137 小さなお願い / 解決編
ユフィリア:
「たっくん まだお風呂かな?」
葵:
「まだ早いかな。けど、もうすぐ夕飯じゃん」
ユフィリア:
「タイミング悪いかな? うん、先にレイシンさんを手伝ってくる!」
葵:
「いてら~。あ、そうだった。……ユフィちゃんってさ、髪を伸ばしたのって高校から?」
ユフィリア:
「ううん。中学校に入ってからだよ。どうして?」
葵:
「いやいや、なんでもないよーん」
ドアを開けて、ユフィリアが退出。
部屋の中には、葵、石丸、私の3人が残された。
葵:
「よいせっ、と」
ぴょこんと椅子から降り、すたすたとジンのソファ前へ移動していく。何をするつもりなのか見守っていると、光の精霊を召喚している。スポットライトの様に、光が葵を照らす。
そして、こちらに向けて話を始めた。
葵:
「ん~、んっふっふっ。はい、いかがでしたでしょうか~?」
ニキータ:
「葵さん……?」
石丸:
「何がっスか?」
葵:
「既にお気付きの方もおられると思いますが~、今回の事件の謎は~、わたくし、全て解けてしまいました~。ん~ふっふっふっ」
ニキータ:
「謎?」
石丸:
「……古畑任三郎のマネっスか?」(あまり似てないらしい)
葵:
「どこに謎があったのか、お分かりになりましたでしょうか~? そしてその答えとは? ヒントを差し上げたいと思います~ぅ。『2回以上』」
ニキータ:
「2回……?」
何のことだかさっぱりだ。
葵:
「それでは、解決編でお会いしましょう。葵でした~。……なんちゃって!」
石丸:
「視聴者への挑戦、もしくは異化と呼ばれるものっスね」
葵:
「まぁ、そんな感じ?」
ニキータ:
「……というか、謎なんてあったんですか?」
葵:
「それは少なくともCMあけじゃないとマズいっしょ」
ニキータ:
「CMなんて、ないですから」
葵:
「にゃははは! いしくんってこういうのは?」
石丸:
「残念っスが」
葵:
「そっかー。まぁ、ジンぷーにも分かんないだろうしね」にやり
ニキータ:
「ジンさんにも分からないんですか?」
葵:
「ジンぷーはね、鋭いから一瞬でパッとわかっちゃうんだよ。

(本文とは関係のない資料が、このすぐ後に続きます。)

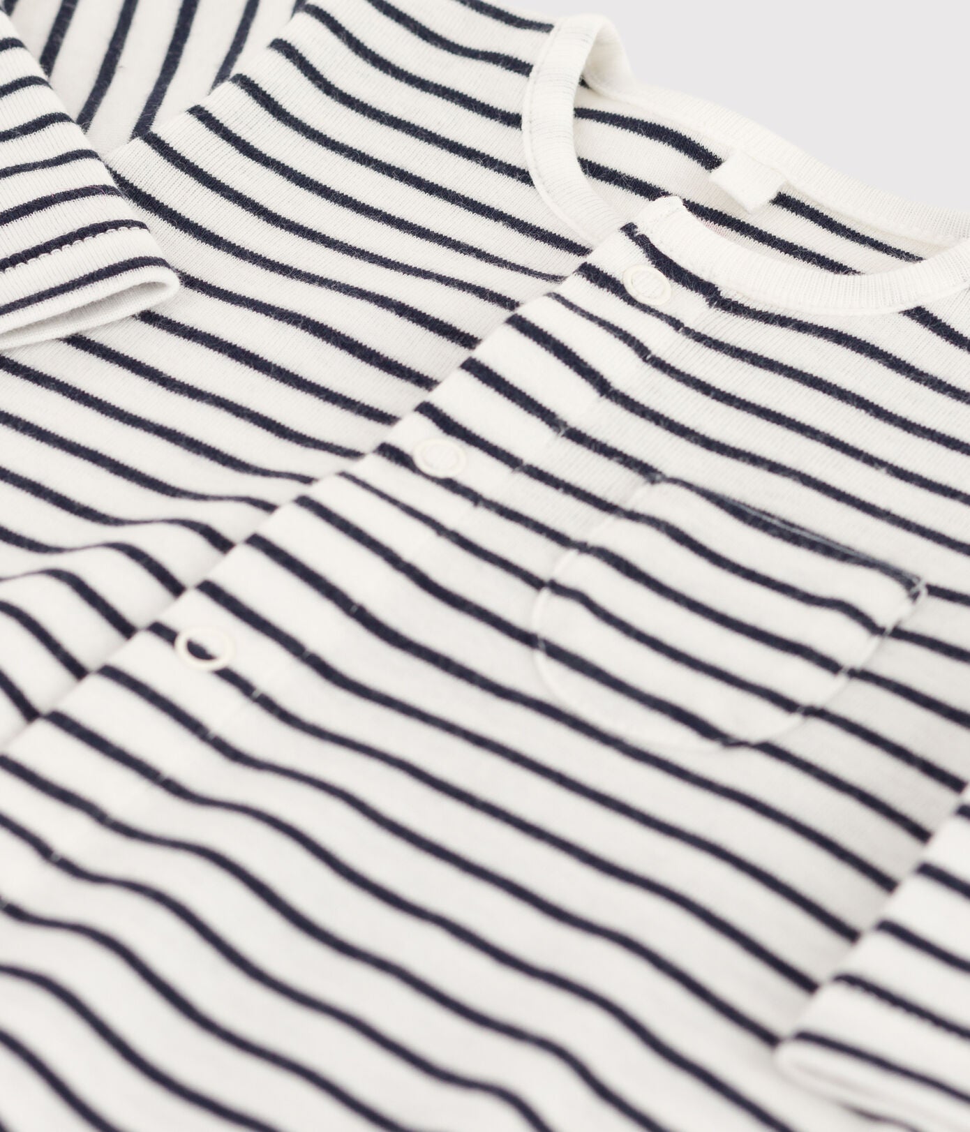 BABIES' STRIPED ORGANIC COTTON LONG PLYSUIT

雑多な情報の中から必要なものを取り出したりとかね。殺気とかの感知をするから、そのへんの応用でしょ。アクアちゃんもそういうトコは似てるよね。2人とも頭が良さそうに見えるけど、実はあんまり頭は使ってない。感覚的なんだよ。まぁ、そう言うと怒られるだろうけど」
ニキータ:
「分かる気がします」
答えを直接的に導き出しているような、それを敢えて分解して説明しているような雰囲気は何度も見聞きして知っていた。その意味だとユフィリアも同じで、頭はあまり使っていないタイプだろう。
葵:
「あたしなんかはひたすら地味に考え続けるだけだね。だからスピードじゃ勝負にならないなぁ。でも、感覚だけじゃ分からないものもあるからね」
ニキータ:
「分からない、もの……」
葵:
「これでも〈カトレヤ〉の情報部門の長なのだよ。まぁ、あたし1人だけどな。 にゃはははは!」
先日のレイドでの件は記憶に新しい。葵もまた『向こう側』の人物だ。
ニキータ:
「そろそろ、CMはあけたと思います」
葵:
「……んじゃ、どこから説明しようかな?」
( 〈解決編〉へとつづく )
◆
ニキータ:
「これでよし」
1階フロアの噴水で顔を洗い、手鏡で確認する。ダメージなどの痕跡が残らないのは、こういう時はありがたい。泣いたことが分かってしまうと、説明するのが面倒だ。
2階に上がると夕食の準備がちゃくちゃくと進んでいた。タクトとリコの席も用意されているので、夕飯を食べさせるつもりだろう。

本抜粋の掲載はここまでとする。